A kidney transplant patient free from worrying about anti-rejection medications.
A man working again after successful treatments for Parkinson's disease.
An effort to combat trauma among our returning veterans by forming a partnership between the National Guard and innovative university psychiatrists.
New, cutting-edge cancer trials being made available first to Kentuckians.
Never miss a local story.
These groundbreaking medical and research breakthroughs aren't from laboratories on the east or west coasts or from Ivy League schools.
They are happening in Kentucky at our state's two research institutions — the University of Louisville and the University of Kentucky.
And they are but a few among dozens of examples that carry the potential to change the health and economy of our state. It's who we are. It's what we do.
But this work that extends and enhances life is potentially threatened because of the debilitating impact of the so-called federal sequester, the across-the-board cuts in funding that are significantly curtailing federal funding of research.
Universities across the United States are urging President Barack Obama and Congress to recommit -— now — to necessary and fundamental investments in research.
At the same time, it's also critical that our own commonwealth again commit to help fund basic scientific research crucial to moving our economy forward in the 21st century.
What's at stake?
Consider just one example of the impact of basic science research on our economy today: The National Research Council calculated the portion of revenue from 30 well-known computing firms whose technology could be traced back to research supported by government agencies. The total was nearly $500 billion a year.
Technologies and companies whose names are synonymous today with global success — from the Internet to Google — had their origins on university campuses. Whole classes of drugs that have changed health in this country for the better — like statins, which lower cholesterol — began with basic scientific research in a university lab.

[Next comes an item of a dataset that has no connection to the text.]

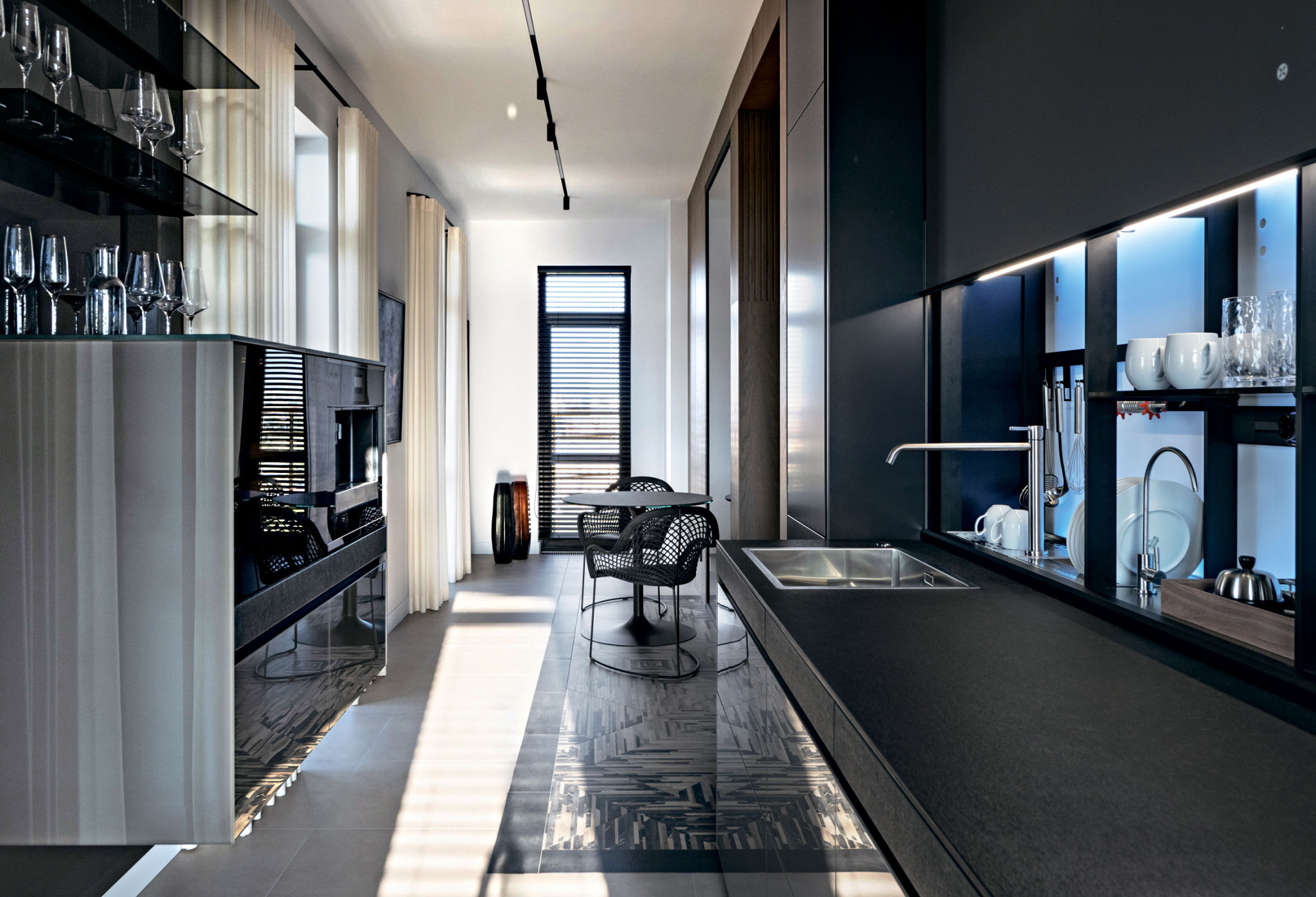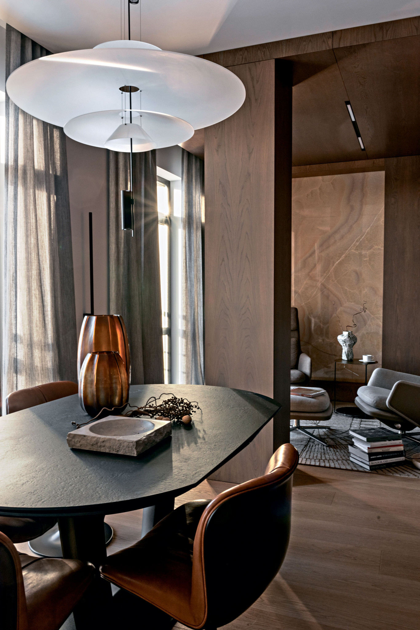 Е. Б.: Зонирование гостиной определило расположение несущих конструкций. Пространство состоит из трех частей: места для отдыха и релакса с диваном Mascheroni, столовой и зоной тет-а-тет с креслами Vitra от дизайнера Антонио Читтерио. Стены и потолок этой камерной зоны мы обшили деревянным панелями. Такой прием помог скрыть решетки для вентиляции, кондиционирования и увлажнения воздуха, которые занимают немало места. Лишь на одной из стен мы разместили панно из оникса бежевого цвета с подсветкой. Для вытянутого и узкого помещения кухни мы выбрали модель Air Logica от Valcucine. Философия Габриэля Чентацо, автора этой кухни для мегаполиса, нам очень близка.

Kentucky took a bold step forward in 1997 by proclaiming its interest in conducting that kind of research with the passage of the Postsecondary Education Improvement Act. It laid the groundwork for reforms and investments through the renowned Bucks for Brains program that allowed our institutions to hire hundreds of endowed professors and researchers to both our campuses.
And, later, legislators expanded the program to give us the flexibility to use those investments for research facilities as well as human capital.

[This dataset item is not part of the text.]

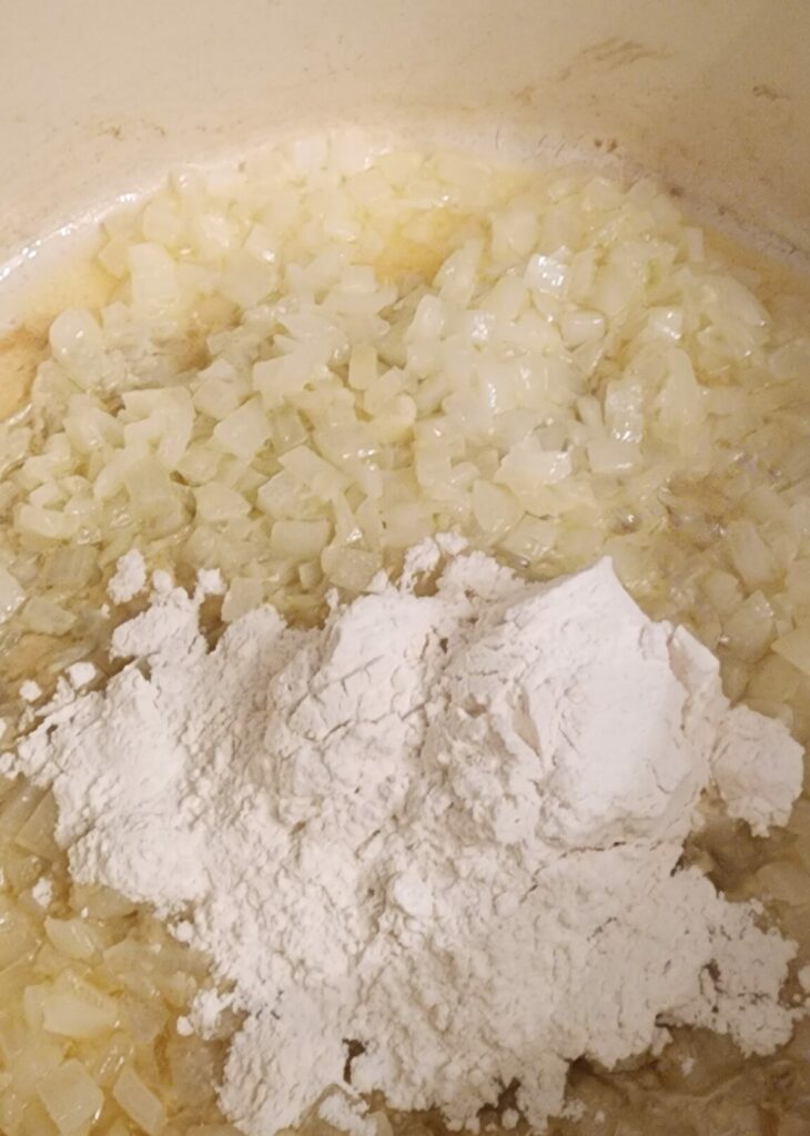 • Mix in flour and stir for 1-2 minute, until lightly toasted.

The simple truth is that talented researchers and clinicians need first-class facilities and laboratory space to do their work. They bring teams of researchers and doctoral students with them. Talent, after all, begets talent. Our universities are on the map now in competing for some of the best research talent in the country. That represents an infusion of intellectual talent as well as the economic stimulus of high-paying jobs for our communities.
In the wake of the Great Recession, our state has had to, understandably, delay such investments. As our economy improves, though, it's critical that the commonwealth gets back in the race by investing again, not just in universities generally, but in research that can transform lives and catalyze community advancement.
With the ongoing sequester, universities are being forced to lay off research-related personnel, admit fewer graduate students and delay projects, according to a recent survey of universities.
Francis Collins, director of the National Institutes of Health, the federal agency that funds most health-related research in America, told the Wall Street Journal that "other countries are luring away U.S. scientific talent by offering better opportunities. My greatest concern ... is that a whole generation of scientists are looking at this situation and getting increasingly discouraged and disheartened."
Research is incremental. Its progress is built over time, step by step. It can't, as the Wall St. Journal describes, be "turned on and off like a faucet." It requires sustained investment.
At UK and U o fL we already are seeing the results of what sustained investment in research can yield — in cancer, in transplantation efforts, and a host of other treatments and innovations.
However, we can no longer keep delaying or cutting those investments if we want those results to continue.
What choice will we — as a country and a commonwealth — make?